On 08/27/2014 11:06 AM, Sven Vermeulen wrote:
> On Tue, Aug 26, 2014 at 11:31:17AM -0400, Steve Lawrence wrote:
>> A release candidate for the next release of SELinux userspace is
>> available on GitHub's releases page [1]. This release contains a handful
>> of bug fixes and the new source policy/CIL work. Please let us know if
>> you find any problems.
>>
>> - Steve
>>
>> [1] https://github.com/SELinuxProject/selinux/releases/tag/20140826-rc1
> 
> Hi Steve
> 
> Are you planning on creating tarballs for this release candidate?
> 
> Also, is this a release that requires any actions to be taken as part of an
> upgrade (the move of /etc/selinux -> /var/lib/selinux)?
> 
> Wkr,
> 	Sven Vermeulen

We just pushed a second release candidate, 20140826-rc2, which just has
some minor fixes to the ChangeLogs and uses the scripts/release method
to make an actual release consistent with how they've been done in the
past. The tarballs for the individual components of userspace for rc2
are now available on the GitHub "Releases" wiki page [1].

The only action that should be required post upgrade is migration from
/etc/selinux to /var/lib/selinux. There is detailed information about
this process on the GitHub "Policy Store Migration" wiki page [2], but
the jist of it is after upgrading, execute the the
semanage_migrate_store script installed by default to
/usr/libexec/selinux. The script has additional options that can be used
to do things like remove the old store or prevent rebuilding the policy.
Run the script with --help for a description of the options.

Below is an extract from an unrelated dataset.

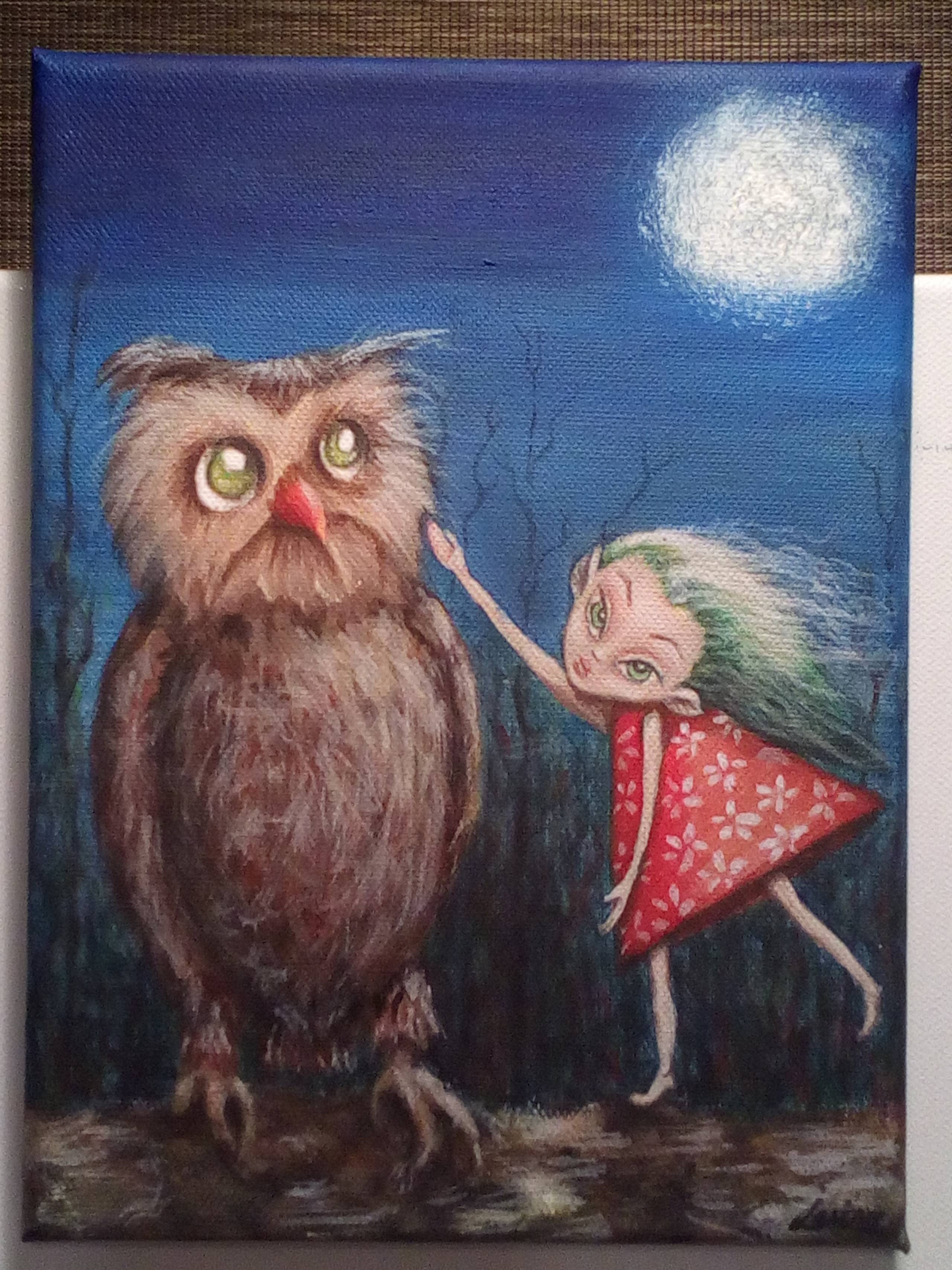 Obraz ukazuje magiczną scenę, gdzie w centrum widzimy ogromną sowę i dziewczynkę w czerwonej sukience, która dotyka jej piór. Tło zanurzone jest w głębokim niebieskim kolorze, z jaśniejącym księżycem, który dodaje tajemniczości całemu dziełu. Gałęzie drzew majaczą w tle jak duchy, znakując cichy las. Kompozycja balansuje na granicy snu i rzeczywistości, przyciągając wzrok swoimi organicznymi kształtami. Nasza dziewczynka ma zielone włosy, co czyni ją postacią z bajki, a w tym połączeniu z sową widać coś z fantastycznej opowieści. Jej spojrzenie pełne jest ciekawości, odrobinę zaczepne, trochę jak gdyby chciała sprawdzić, czy sowa jest prawdziwa. Widać tu wyraźne nawiązanie do techniki impresjonistycznej z naciskiem na ruch pędza, co dodaje obrazowi dynamiki i życia. To dzieło emanuje spokojem, ale w jego tle czai się niewypowiedziana tajemnica. Obraz mógłby wzbudzać w widzu uczucia nostalgii za dzieciństwem, kiedy to wszystko wydaje się możliwe. Myślę, że każdy, kto na niego spojrzy, natychmiast zapragnie zanurkować w jego atmosferze „magical night”. Dla mnie to podróż przez czas i przestrzeń do miejsca, gdzie marzenia nabierają kształtu. Kto wie, może one naprawdę istnieją, tylko musimy je odkryć? Sowy są mądre!

Please let us know if there are any questions/issues.

Thanks,
- Steve

[1] https://github.com/SELinuxProject/selinux/wiki/Releases
[2] https://github.com/SELinuxProject/selinux/wiki/Policy-Store-Migration

Re: SELinux Userspace Release: 20140826-rc1

[Sven Vermeulen]

On Wed, Aug 27, 2014 at 6:10 PM, Steve Lawrence <slawrence@tresys.com> wrote:
> The only action that should be required post upgrade is migration from
> /etc/selinux to /var/lib/selinux. There is detailed information about
> this process on the GitHub "Policy Store Migration" wiki page [2], but
> the jist of it is after upgrading, execute the the
> semanage_migrate_store script installed by default to
> /usr/libexec/selinux. The script has additional options that can be used
> to do things like remove the old store or prevent rebuilding the policy.
> Run the script with --help for a description of the options.
>
> Please let us know if there are any questions/issues.

Hi Steve

(Sorry for the direct mail in the previous remark, gmail doesn't like
to automatically reply to the mailinglist)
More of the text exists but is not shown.